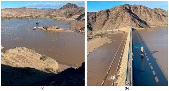 Rainfall accumulation during the rainstorm (photos taken by Majed Aloufi); (a) water accumulation in the downstream; (b) water accumulation behind a dam.
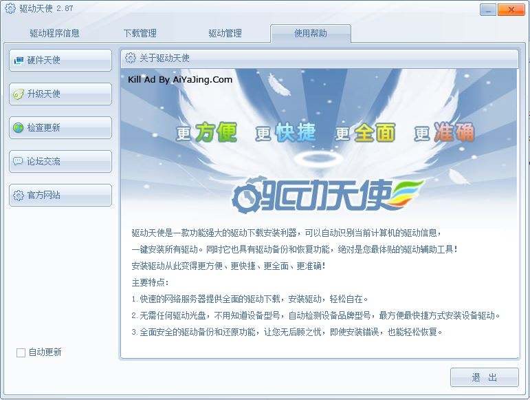 驱动天使是一款功能强大的驱动下载安装利器:它让用户不必再去生产商那里查找最新的驱动;一键安装各种CPU、主板、显卡、网卡、声卡等驱动;具备驱动备份和驱动恢复功能,方便又安全;拥有强大的驱动还原技术。
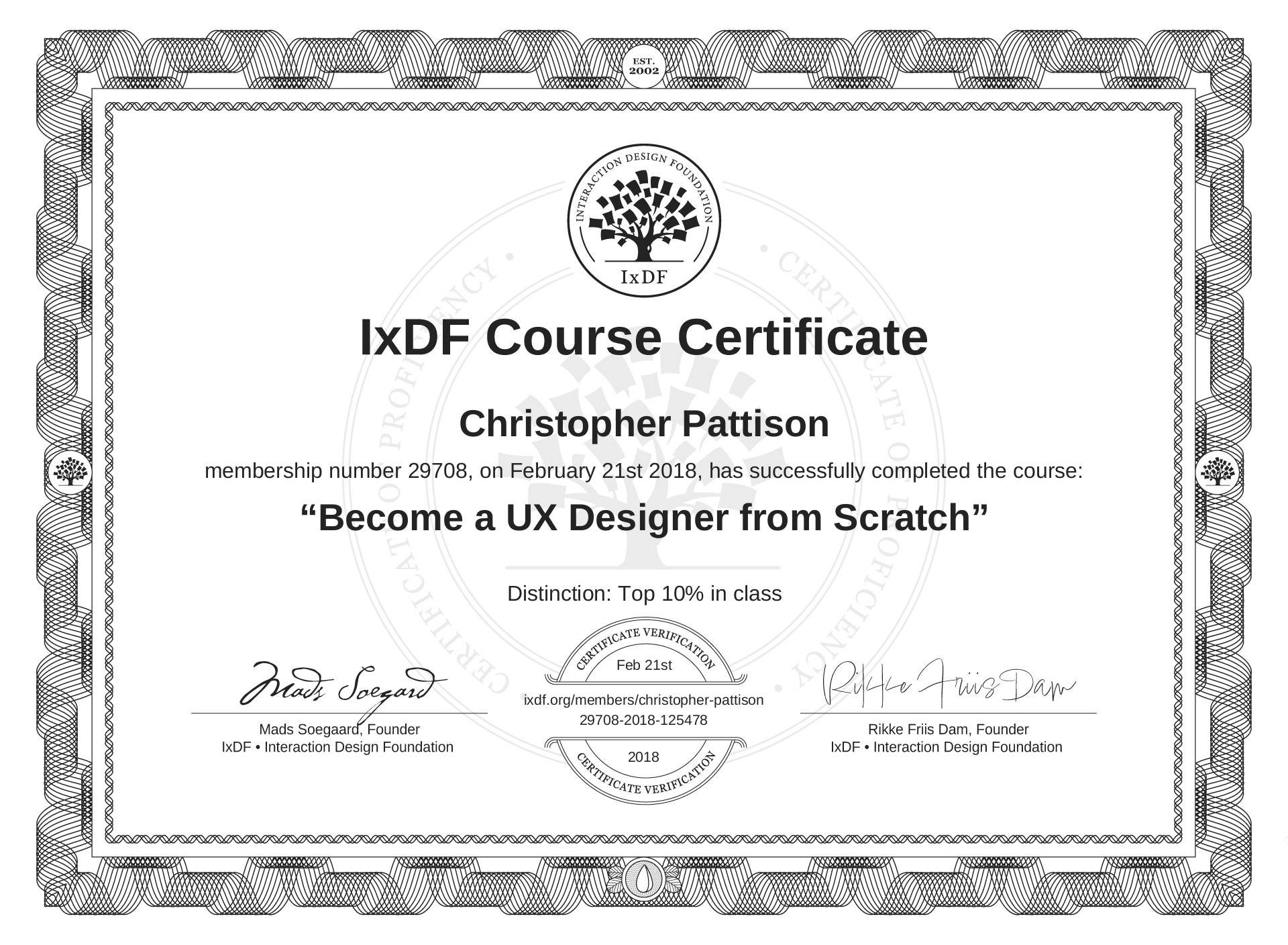 The IxDF Course Certificate above is awarded to Christopher Pattison with a Top 10% Distinction in formal recognition of their coursework surpassing the rigorous benchmarks of exceptional performance established by the IxDF Educational Codex.
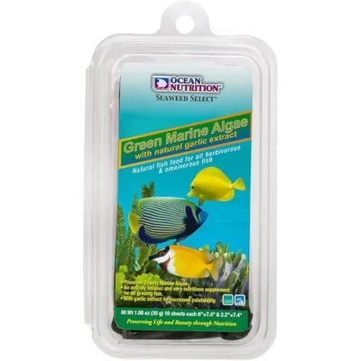 Nutritious food for algaegrazing marine fish Green Marine Algae is firmer than red and often preferred by fish that graze on turf algae Enhanced with a natural garlic extract to entice finicky eaters Feed using Ocean Nutritions Feeding Frenzy Seaweed Clips Ideal for tangs rabbitfish marine angelfish inverteates herbivorous freshwater fish and more
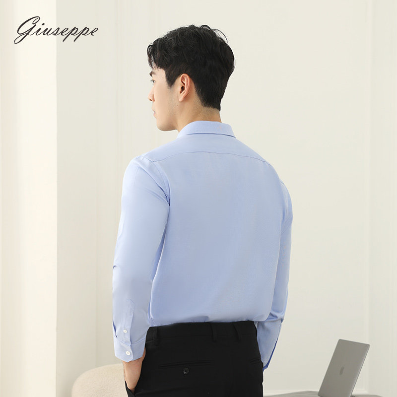 乔治白2025秋冬季衬衫纯棉男士长袖商务正装纯色通勤尖领休闲透气
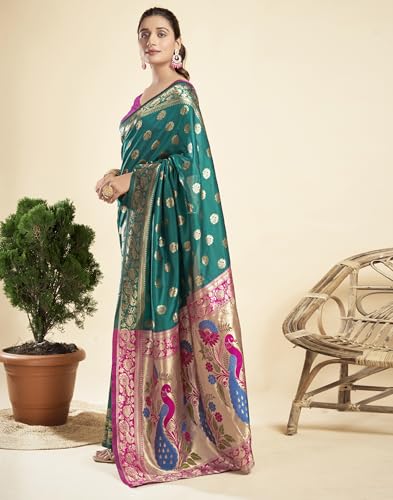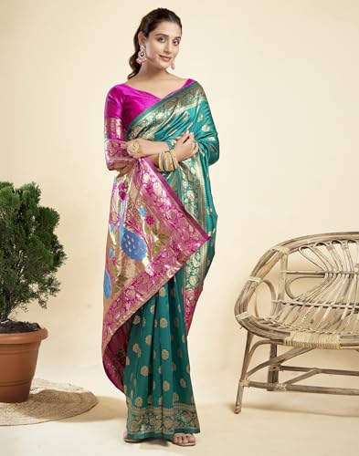 SIRIL Women's Silk Blend Banarasi Jacquard Woven Saree With Unstitched Blouse Piece
□ □ □ □ □ □ □
GOAL OF THE EXERCISE:
Omit the pictures. Print, word for word, the lines from the beginning of the entries above through the line that holds "驱动天使是一款功能强大的驱动".

SOLVED PROBLEM:
 Rainfall accumulation during the rainstorm (photos taken by Majed Aloufi); (a) water accumulation in the downstream; (b) water accumulation behind a dam.
 驱动天使是一款功能强大的驱动下载安装利器:它让用户不必再去生产商那里查找最新的驱动;一键安装各种CPU、主板、显卡、网卡、声卡等驱动;具备驱动备份和驱动恢复功能,方便又安全;拥有强大的驱动还原技术。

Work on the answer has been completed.